A big problem with that could be Carbon Monoxide ( CO ). A colorless, odorless gas that can kill you before you know what's happening. Use any kind of stoves indoors with extreme caution.


----------



## Tank_Girl (Dec 26, 2011)

What we've done in an emergency is set a cast iron dutch oven up on some house bricks to protect the flooring and filled it with BBQ briquettes, lit them and put the lid on.
It kept the room toasty warm all night long.


----------



## LincTex (Apr 1, 2011)

Tank_Girl said:


> What we've done in an emergency is set a cast iron dutch oven up on some house bricks to protect the flooring and filled it with BBQ briquettes, lit them and put the lid on.
> It kept the room toasty warm all night long.


EXTREMELY dangerous!!


----------



## forluvofsmoke (Jan 27, 2012)

My experience with pellet stoves is the auger and combustion air fan need to run, or it won't burn or feed pellets. These motors don't need much electricity, but do need 120 VAC.
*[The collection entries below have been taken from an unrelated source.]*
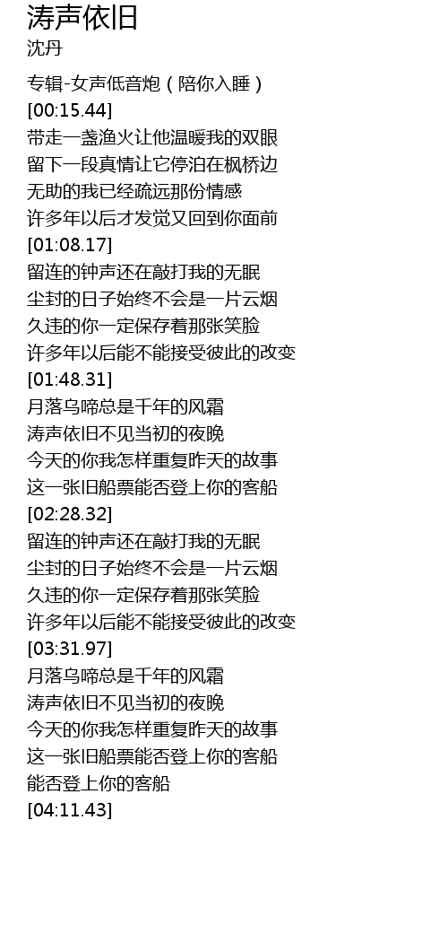 | [00:44.60] | 留下一段真情让它停泊在枫桥边 |
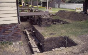 Archeological excavation- beneath rear porch, south Lincoln Home NHS- Sprigg House HS-11, foundation and fence, Roll #4 exp 4 Sprigg House, foundation Archeological excavation- beneath rear porch, south Lincoln Home NHS- Sprigg House HS-11, foundation and fence, Roll #4 exp 4 Sprigg House, foundation
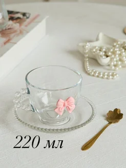 Чайная пара с бантом набор чашка блюдце и ложка
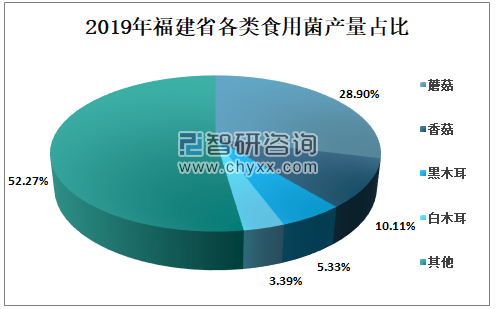 智研咨询发布的《2021-2027年中国食用菌行业市场专项调查及投资方向研究报告》数据显示:2019年福建蘑菇产量占福建食用菌产量的28.9%,香菇产量占福建食用菌产量的10.11%,黑木耳产量占福建食用菌产量的5.33%,白木耳产量占福建食用菌产量的3.39%。
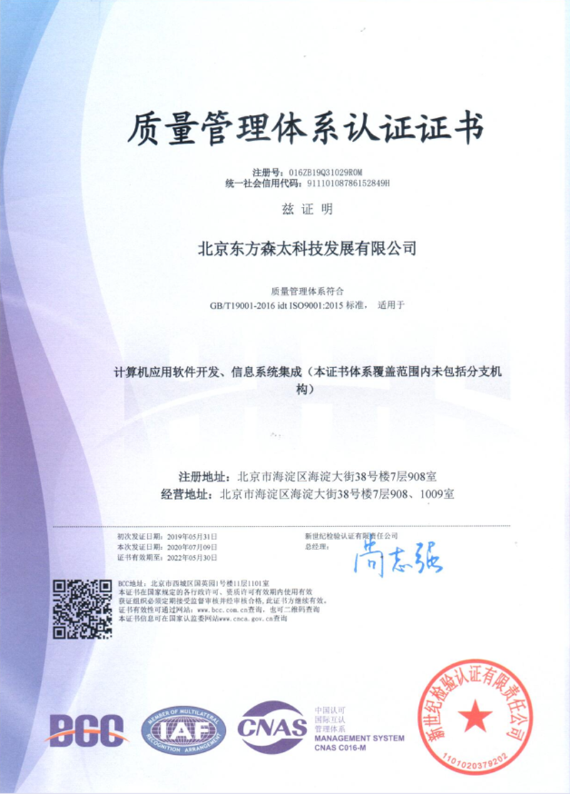 作为ICT解决方案提供商,北京东方森太科技发展有限公司(以下简称东方森太)深知服务品质的重要性。早在2014年,东方森太便抢先一步,成功取得ISO9001体系认证证书,走上规范化、标准化、科学化的现代企业管理道路。
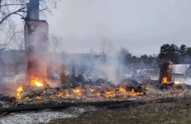 Двухэтажный дом полностью сгорел на севере Карелии
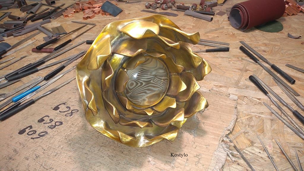 We used a similar process to craft the luxurious lotus flower base, heating the brass sheet to very high temperatures and then manually forming eight lotus petals. We soldered the primary part and center of the lotus flower, where a beautiful, rare semi-precious striped flint stone would be set. As seen in the photo, this base was intricately hand-grinded.
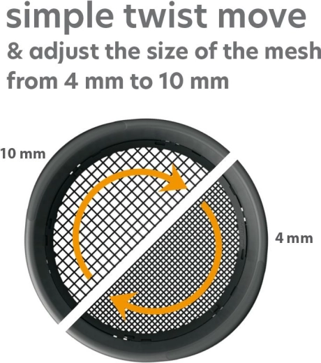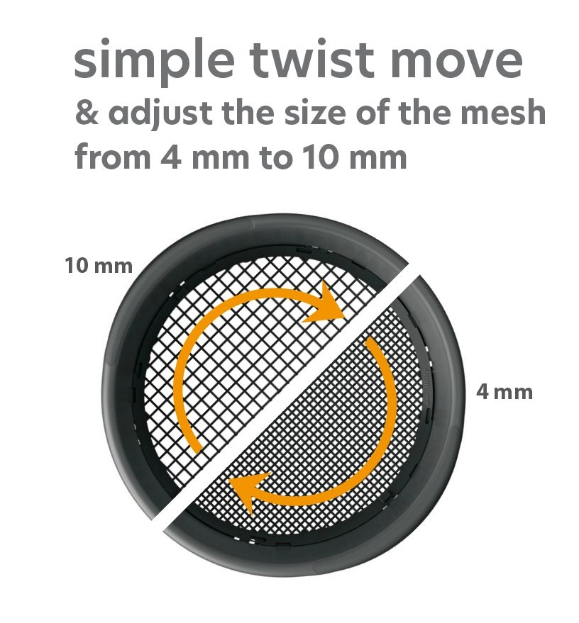 Thanks to the sturdy plastic, the sieve is weather-resistant, easy to clean, and comfortable to hold. The smoothly operating rotating ring enables quick mesh changes without swapping the frame—ideal for a variety of gardening tasks.

A deep cycle battery and solar panel with charge controller would do the job nicely if properly sized. Check the specification plate on the stove for electrical power requirements...it should be listed in amps or watts. If amps, divide the amps into 120 (volts) for watts, and choose a power inverter that will provide at least twice that amount. If it will be running continuously, as most do, you will need a battery and solar panel that can provide at least as much power as you will use, multiplied by 4 to 5 (or more), as the panel only makes power for 4-6 hours per day, depending on what region you live in. If you have cloudy weather, the panel produces less power as well. The battery needs to provide the energy needed through the night, and should have some reserve capacity for cloudy weather if you want long-term capability.

If you need more info, I can dig up links for solar calculators, solar zone maps (to find your region of solar peak sun hours per day), and additional system design info. A quick google search will hit on tons of web sites that provide most of the info you'd need to figure everything out. If it's a stand-by set-up which would only be used for emergency contingency planning, you could easily forgo the all-out installation and set it up for temporary use on an as needed basis.

I'm not gunning for total solar power, but will be implementing a smaller back-up solar system myself, and I've already sized my system needs according to expected energy use. With careful shopping around for prices and shipping, you can get the best deals. Solar panel brand names aren't important, but solar panel and charge controller types are important, depending on your situation.

Let me know if I can help you with any of this. The obvious benefits to renewable energy is low maintenance and zero operational cost. The draw-back is initial purchase cost, depending on system size and installation requirements. Smaller systems aren't that pricey.

Happy heating!


----------



## backlash (Nov 11, 2008)

Tank_Girl said:


> What we've done in an emergency is set a cast iron dutch oven up on some house bricks to protect the flooring and filled it with BBQ briquettes, lit them and put the lid on.
> It kept the room toasty warm all night long.


Whole families have died from burning charcoal briquets in the house.
You are very lucky and if you keep doing it you may not wake up one morning.


----------



## Immolatus (Feb 20, 2011)

That seems the way to go Smokey, I will oook into that. I have a lot going on with the finances right now, but it looks like just the solar panel is $500, then the inverter, backup battery, etc.
I am paying off a credit card, and looking into buying some land with a business. Maybe I can get some financial backing for this kind of thing though.


----------